■ Input data:
Content starts

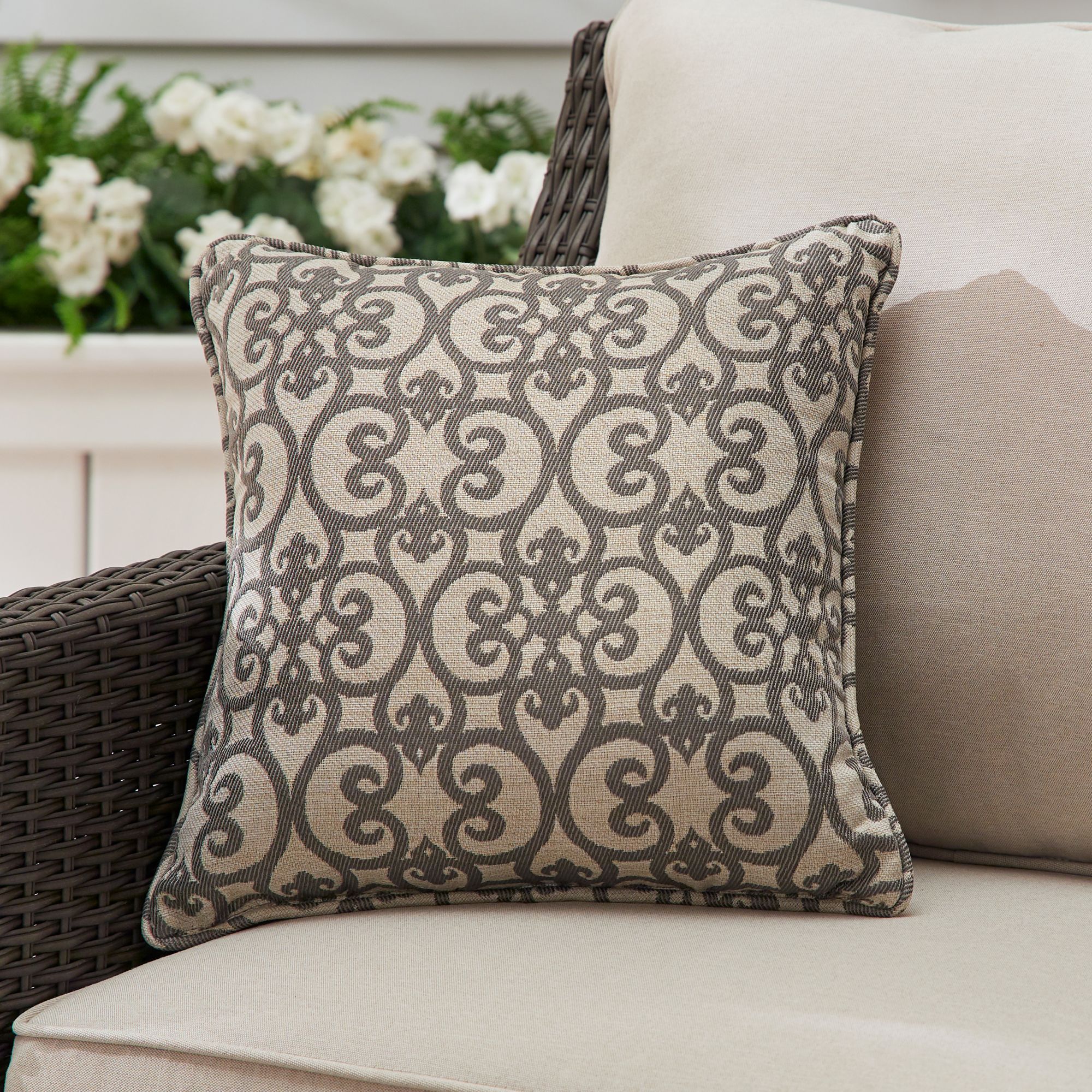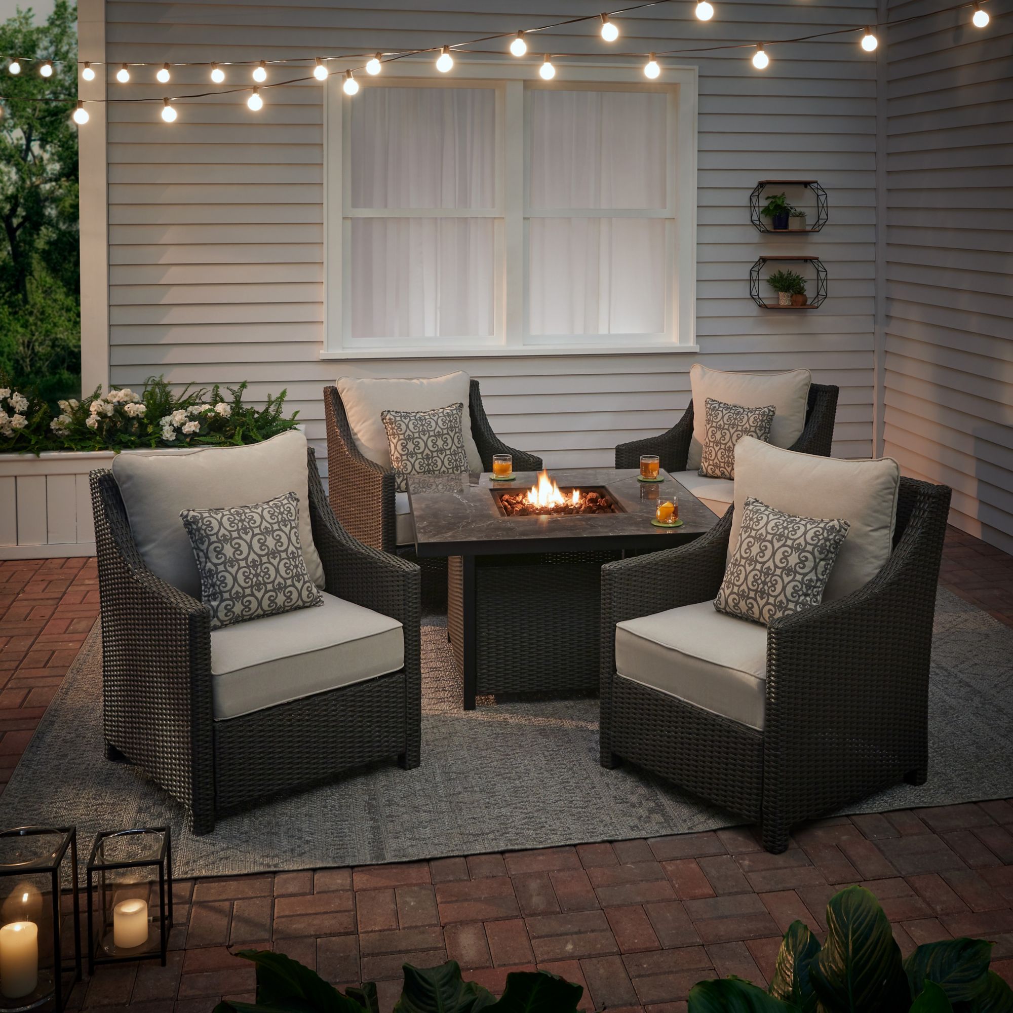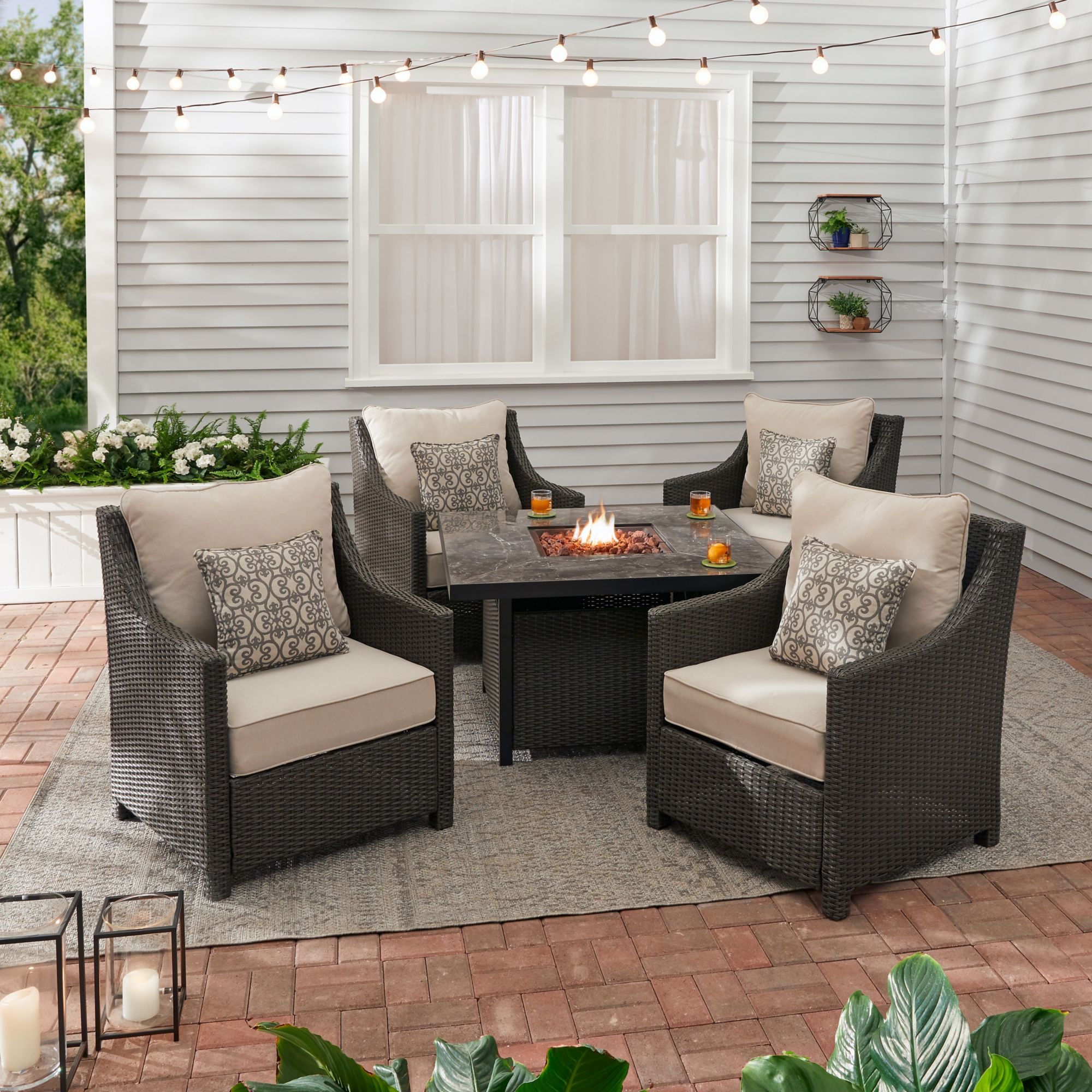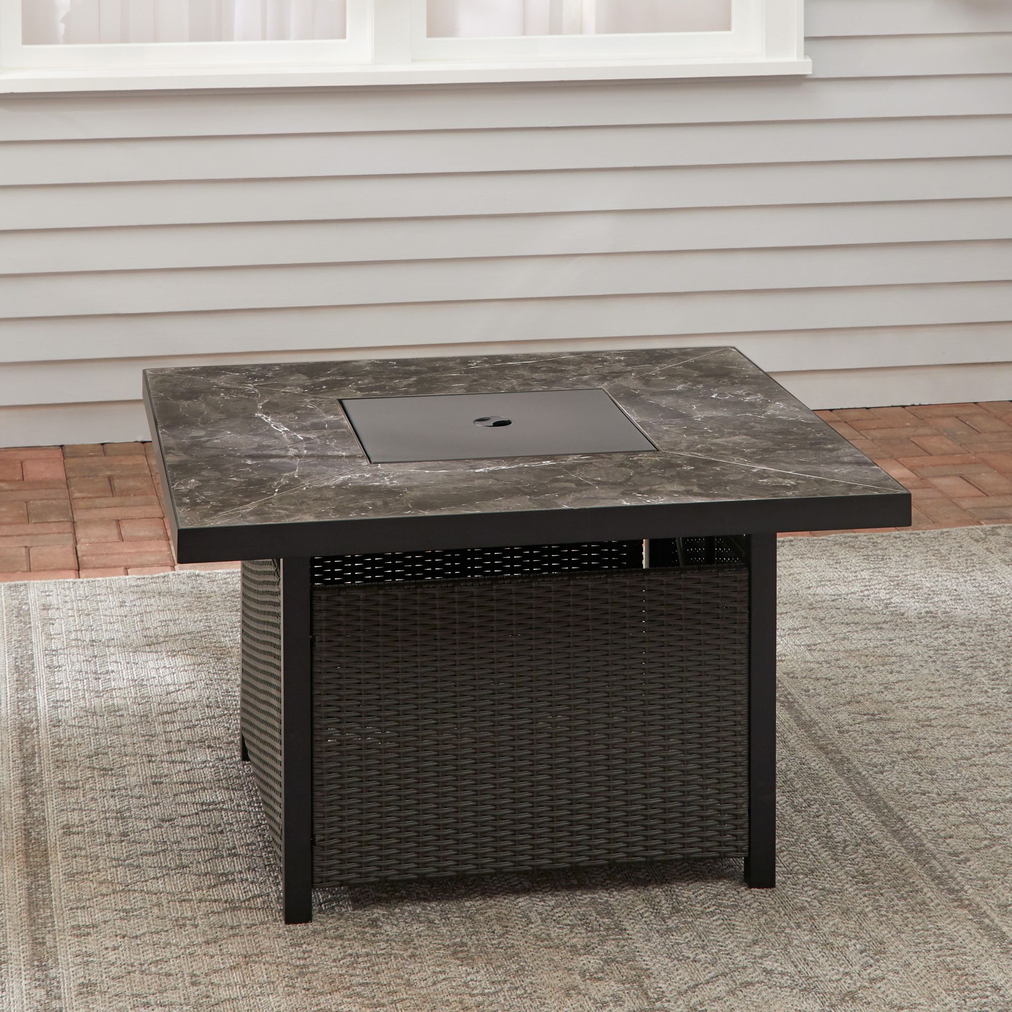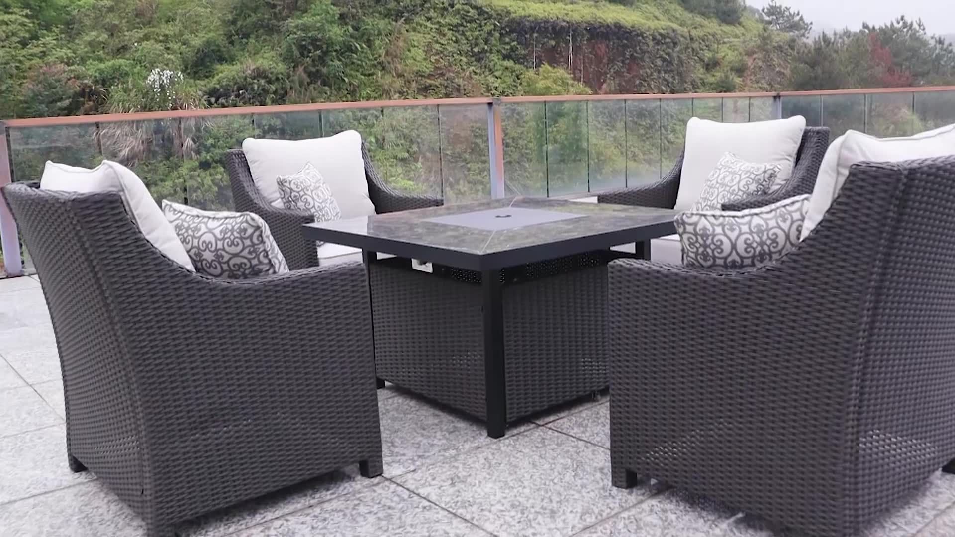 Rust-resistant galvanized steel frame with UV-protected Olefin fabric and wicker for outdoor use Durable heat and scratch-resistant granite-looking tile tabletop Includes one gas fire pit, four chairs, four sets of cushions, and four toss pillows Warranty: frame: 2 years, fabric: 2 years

Content ends
Content starts

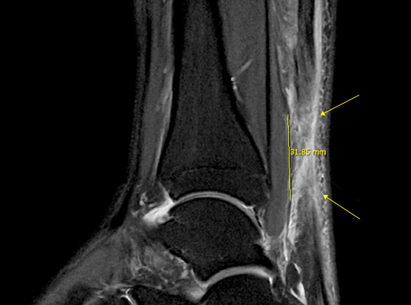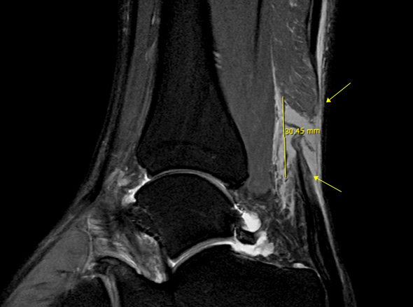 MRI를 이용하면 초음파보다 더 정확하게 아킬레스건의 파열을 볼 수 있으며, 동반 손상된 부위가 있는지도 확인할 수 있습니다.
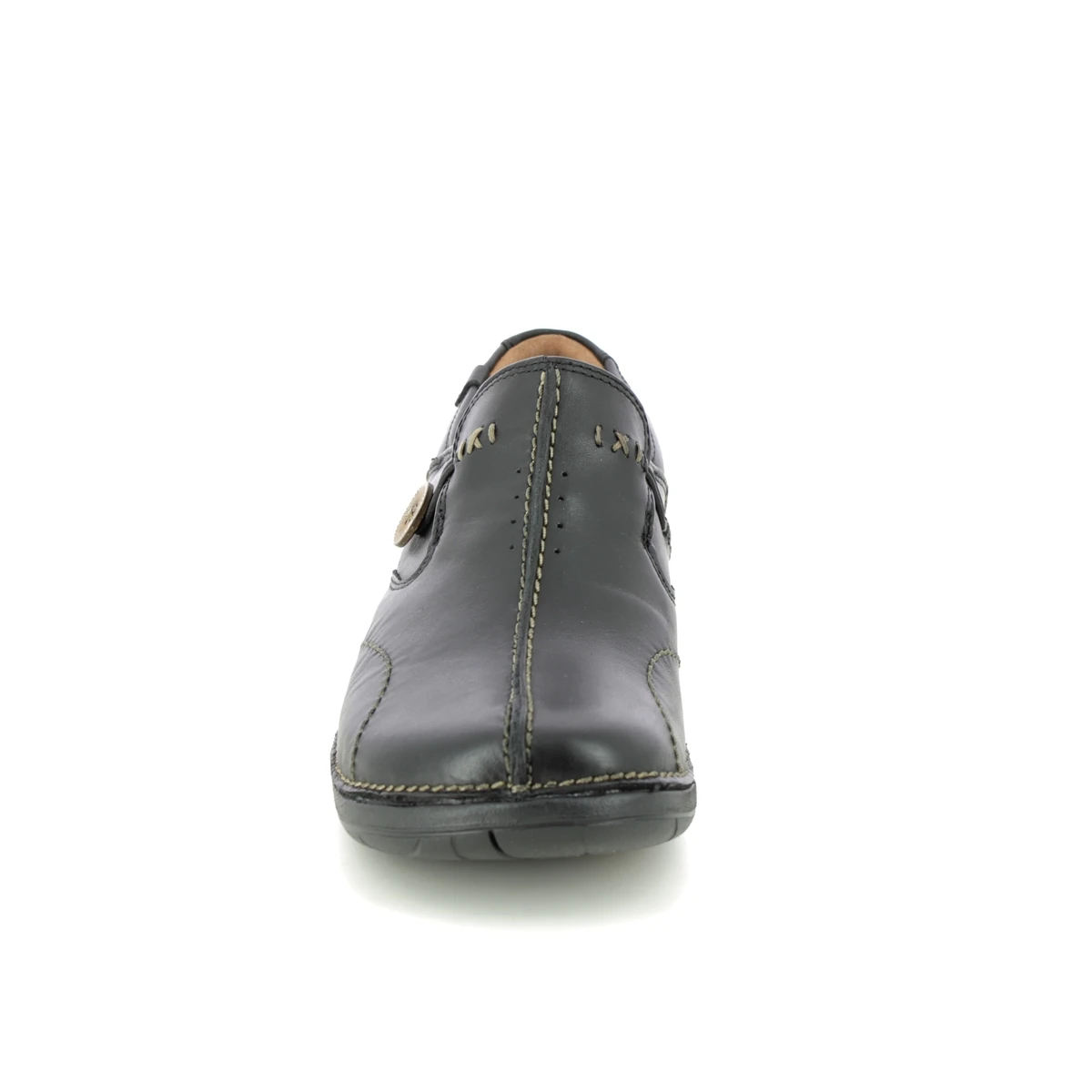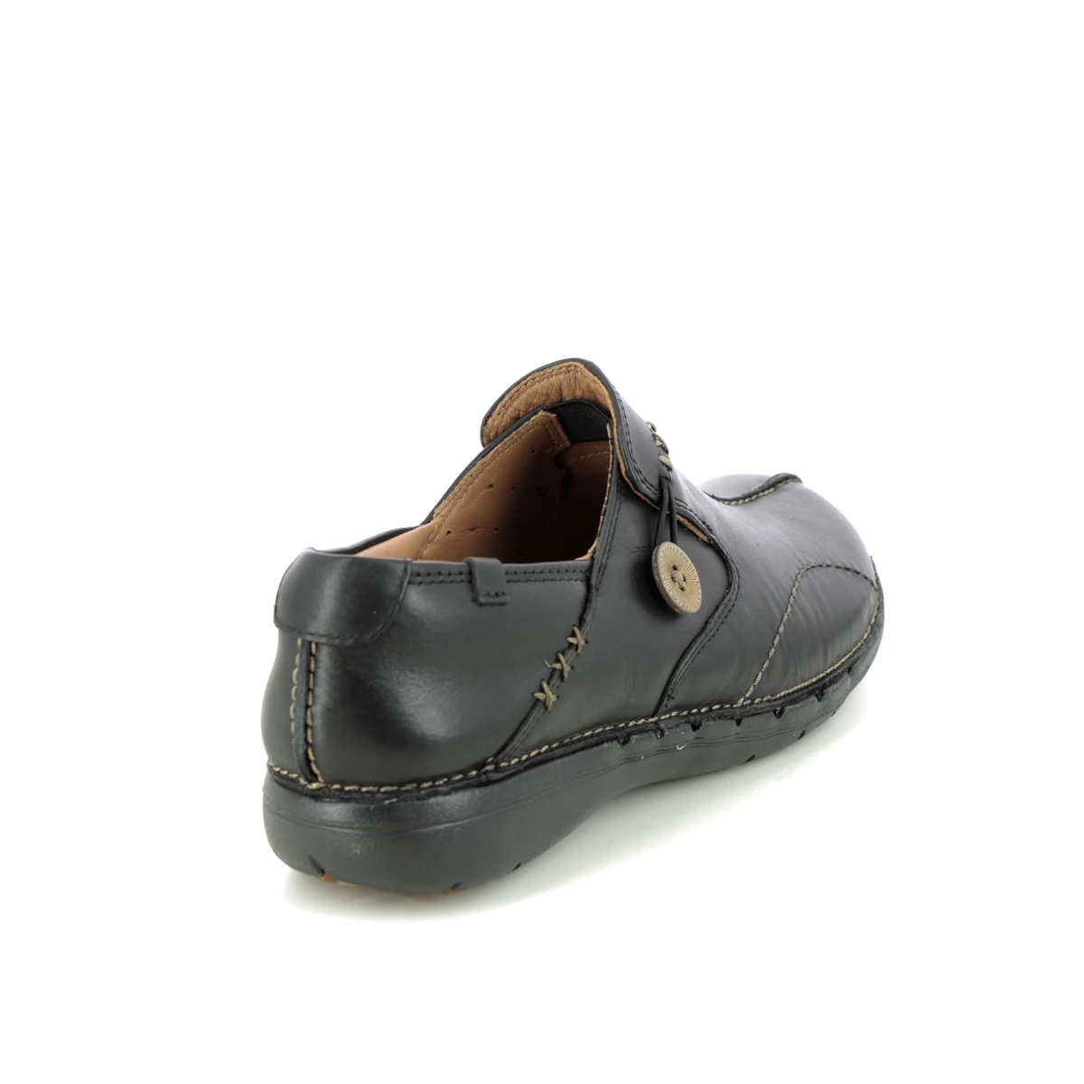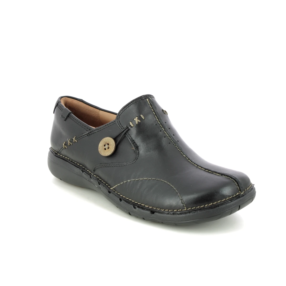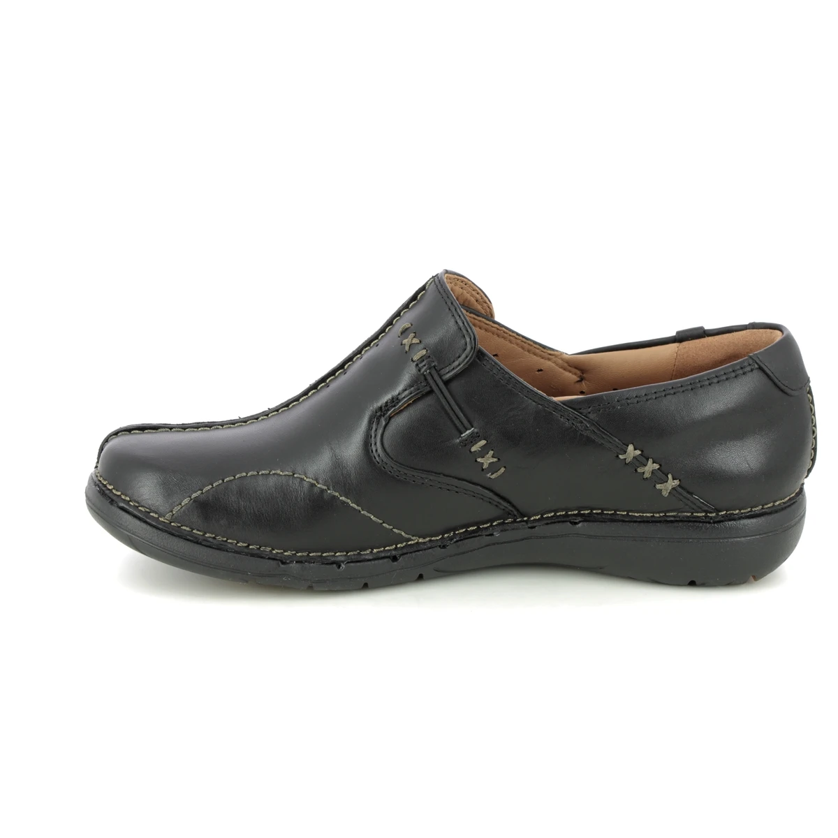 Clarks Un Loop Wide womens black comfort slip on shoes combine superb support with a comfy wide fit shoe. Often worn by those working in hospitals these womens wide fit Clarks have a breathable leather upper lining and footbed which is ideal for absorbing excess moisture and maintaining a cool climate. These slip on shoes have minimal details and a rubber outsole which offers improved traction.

Content ends

■ Exercise instructions: Range to copy from the listing above: the line with "MRI를 이용하면 초음파보다" through the line with "Clarks Un Loop". Transcribe it exactly and skip the pictures.

■ Response to this task:
 MRI를 이용하면 초음파보다 더 정확하게 아킬레스건의 파열을 볼 수 있으며, 동반 손상된 부위가 있는지도 확인할 수 있습니다.
 Clarks Un Loop Wide womens black comfort slip on shoes combine superb support with a comfy wide fit shoe. Often worn by those working in hospitals these womens wide fit Clarks have a breathable leather upper lining and footbed which is ideal for absorbing excess moisture and maintaining a cool climate. These slip on shoes have minimal details and a rubber outsole which offers improved traction.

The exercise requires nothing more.